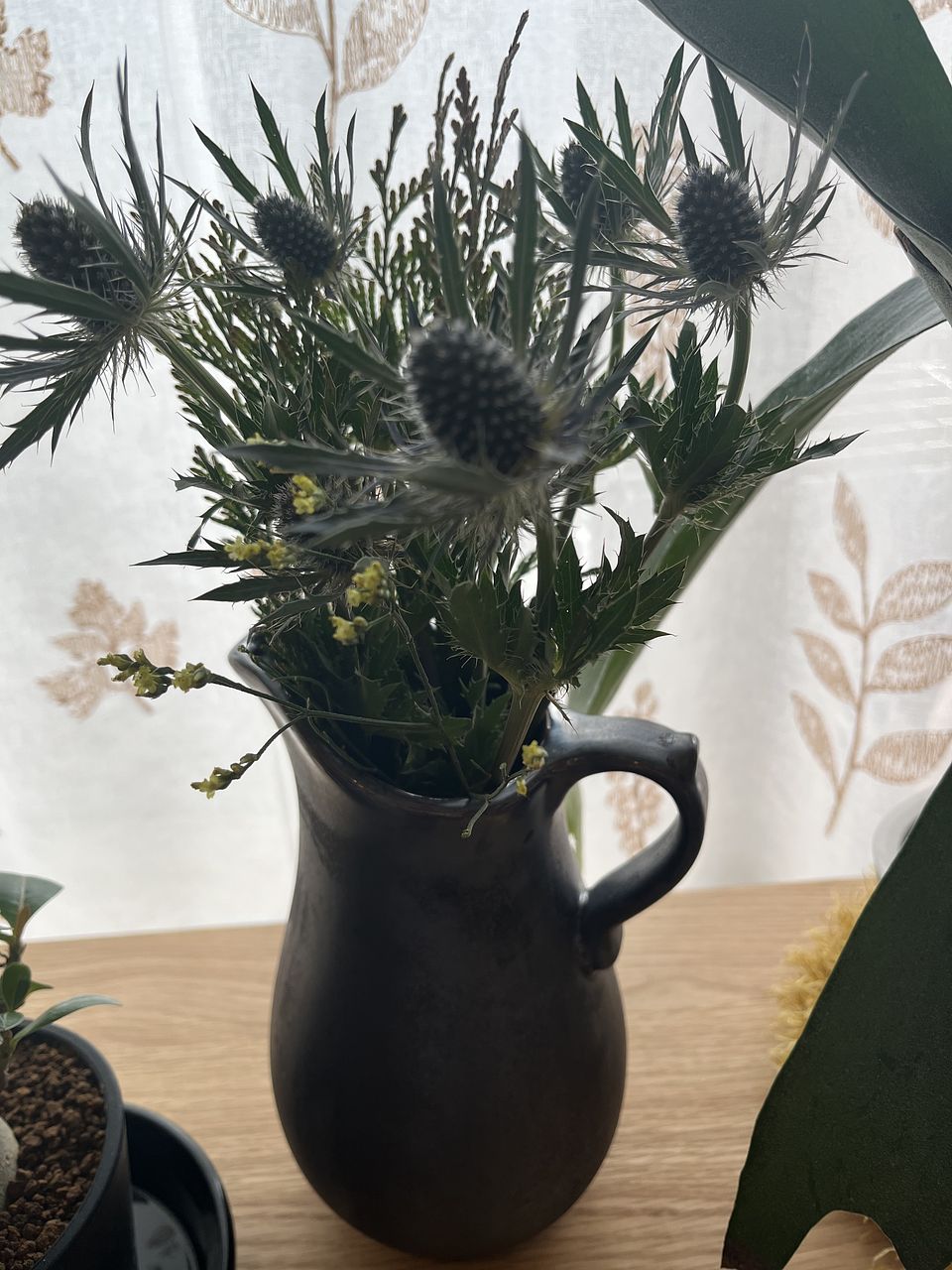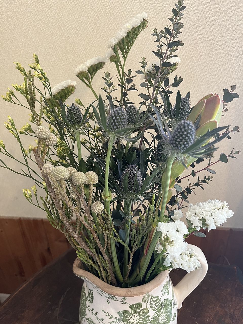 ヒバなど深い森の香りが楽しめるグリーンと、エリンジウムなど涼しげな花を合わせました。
----
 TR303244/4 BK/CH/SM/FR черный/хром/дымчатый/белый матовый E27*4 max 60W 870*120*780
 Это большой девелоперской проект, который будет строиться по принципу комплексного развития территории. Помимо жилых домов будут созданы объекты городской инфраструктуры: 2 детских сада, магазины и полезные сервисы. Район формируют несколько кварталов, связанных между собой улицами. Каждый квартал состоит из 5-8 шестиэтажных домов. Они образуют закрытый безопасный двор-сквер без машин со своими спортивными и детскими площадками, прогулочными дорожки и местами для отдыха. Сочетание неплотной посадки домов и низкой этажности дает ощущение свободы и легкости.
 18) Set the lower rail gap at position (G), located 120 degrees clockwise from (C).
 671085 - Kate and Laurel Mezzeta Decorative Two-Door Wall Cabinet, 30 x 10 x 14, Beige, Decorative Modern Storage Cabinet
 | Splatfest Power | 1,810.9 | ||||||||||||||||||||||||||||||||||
----
TASK REQUIREMENTS
Above are the entries. Output exactly the lines beginning with the line that has "671085 - Kate" and ending with the line that has "1,810.9 | ||||||||||||||||||||||||||||||||||".

SOLUTION TO THIS TASK
 671085 - Kate and Laurel Mezzeta Decorative Two-Door Wall Cabinet, 30 x 10 x 14, Beige, Decorative Modern Storage Cabinet
 | Splatfest Power | 1,810.9 | ||||||||||||||||||||||||||||||||||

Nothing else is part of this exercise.